__Information shown__.

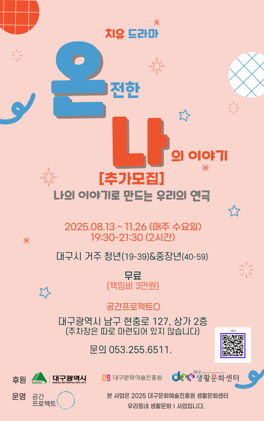 안녕하세요. 놀며,배우며,쉬며,명상하는 공간프로젝트O입니다. 공간프로젝트O에서는 2025년 대구생활문화육성지원사업으로 대구시민의...
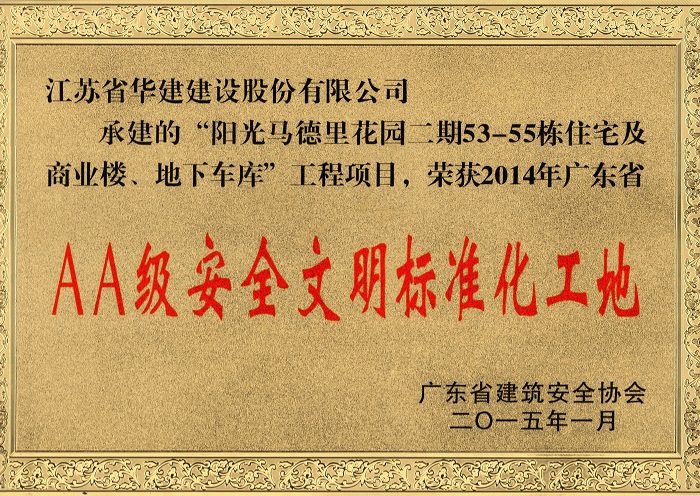 陽光馬德里二期工程榮獲2014年廣東省AA級安全文明標準化工...
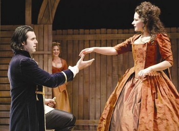 Lady Lurewell is a woman of many tempers and talents. Simply put, she is hell bent on exacting revenge on the cheating, philandering, thoughtless sex. Playing every bit the mouthy though virtuous gentlewoman in the presence of her foes, Lurewell plots and plans for their ridicule and gentle undoing with Parly (Robin Leslie Brown), her cohort and maid. Spurned by a nameless, faceless love some time ago, Lurewell has decided to declare war on all of her potential suitors, both the probable and the highly unlikely. In fact, she considers almost all men within her axis, including the ones that don't have a design on her. The primary contenders are the disbanded Colonel Standard (a lackluster John Pasha), the rich traveler Sir Harry Wildair (Bradford Cover), and the wolf in sheep's clothing, Vizard (David L. Townsend). Others such as Alderman Smuggler (Dominic Cuskern), a mature, unscrupulous and sleazy merchant, are slightly more blatant with their horizontal desires and fit into the highly unlikely category. By the time Standard saunters into St. James Park searching for his lady love, Vizard is already in the middle of courting his. Having recently been rebuffed by her via letter, he is livid but not discouraged in his pursuit. Wildair joins in later upon returning from his recent travels. They all have similar news to share: a beautiful woman that they each swear is unique and above all women has stirred their hearts and loins. By description and comedic strategy, one can easily discern that they are all referring to Lady Lurewell. Vizard, however, has every intention of foiling their attempts. To distract Wildair from his conquest and to initiate the deceptions of the play, Vizard sends him to much easier prey: Angelica (Jolly Abraham), a beautiful 16-year old courtesan in town. Preceded by a letter of introduction from Vizard, Wildair is more than willing to shell out as much as 100 guineas to satisfy his lust, particularly since Lurewell won't loosen her corset anytime soon. But instead of a willing bedmate, he finds Angelica to be haughtier and more bashful than the "game" allows. After several witty and flirtatious exchanges and scenes, Wildair learns that Angelica is an honorable lady, but his repeated affronts to her have lasting consequences. From henceforward, the baton of deceit is passed off from one character to the next, with Lurewell running several legs around the track. With a multicultural cast and contemporary inventions, The Pearl Theatre Company takes quite a few liberties with the original text of The Constant Couple. However, the newer vision is also fresh, light, and compatible with its light overtones. One of the more modern choices include the method by which Tom Errand (Orville Mendoza) gets around the stage: he glides around on those roller sneakers that by now have probably gotten on your nerves more than once on the street, but here they elicit a smile and a chuckle. Another is Lurewell's display of paintings onstage of the various men that she plays like pawns. Not only is it improbable for her to have the likeness of all of these men because there's no justification for it, but it is also impossible in the 18th century for her to have access to the art. After all, paintings are still not as accessible as photographs, and even with the achievement of the first photographic image in 1814 by Joseph Nicephore Niepce, Lurewell wouldn't even be able to get those. They do, however, do a good job of depicting her arrogance. But too good of a job. Botchan's portrayal of Lurewell is so bold that one must wonder, apart from her virginity, why she is so sought after at all? Although Botchan plays the part with a wonderful twinkle in her eye and a command of her scenes, she has no expected docility to accompany the virginity of the Restoration era, the docility that still enraptures men today. One would think that deflowering a virtuous woman back then would be challenging enough without the added attitude. The scenic design by Harry Feiner is appropriately simple, with a carefully constructed wooden set that acts as a nice backdrop against Liz Covey's lavish costumes. Although the musical interludes that conclude some of the scenes are peculiar, they do add to the levity of the play and are a means of foreshadowing much like a Greek chorus. The fiddle and what I believe to be either a harpsichord or a Bosendorfer piano are nice touches. As a collective, the cast is delightful and funny, and demonstrate their comfort with the classics with grace and airs. Eventually, the web of lies that comprise The Constant Couple do get untangled, but the journey to clarity and truth is full of entertainment and merriment along the way. At 2.5 hours, there's enough witty banter, lively characters, sauciness and hope for the lovelorn to make this production well-rounded and worthy to be seen.
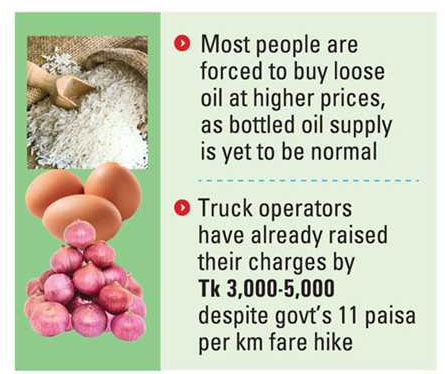 "Although the government increased diesel-based transport fare by only 11 paisa per kilometre, truck operators have already raised their charges by Tk 3,000-5,000 further," said Junawed Ali, a Mohammadpur Agricultural Market-based trader.
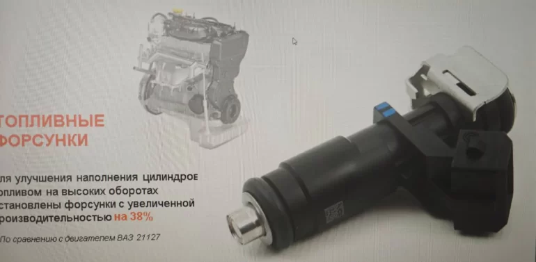 Для улучшения наполнения цилиндров топливом на высоких оборотах установлены форсунки с увеличенной производительностью на 38% (по сравнению с двигателем ВАЗ 21127).

__Instructions to follow__. Up to and including the line with "陽光馬德里二期工程榮獲2014年廣東省AA級安全文明標準化工...", repeat every line from the top of the entries exactly, but not the pictures.

__Solution to this exercise__.
 안녕하세요. 놀며,배우며,쉬며,명상하는 공간프로젝트O입니다. 공간프로젝트O에서는 2025년 대구생활문화육성지원사업으로 대구시민의...
 陽光馬德里二期工程榮獲2014年廣東省AA級安全文明標準化工...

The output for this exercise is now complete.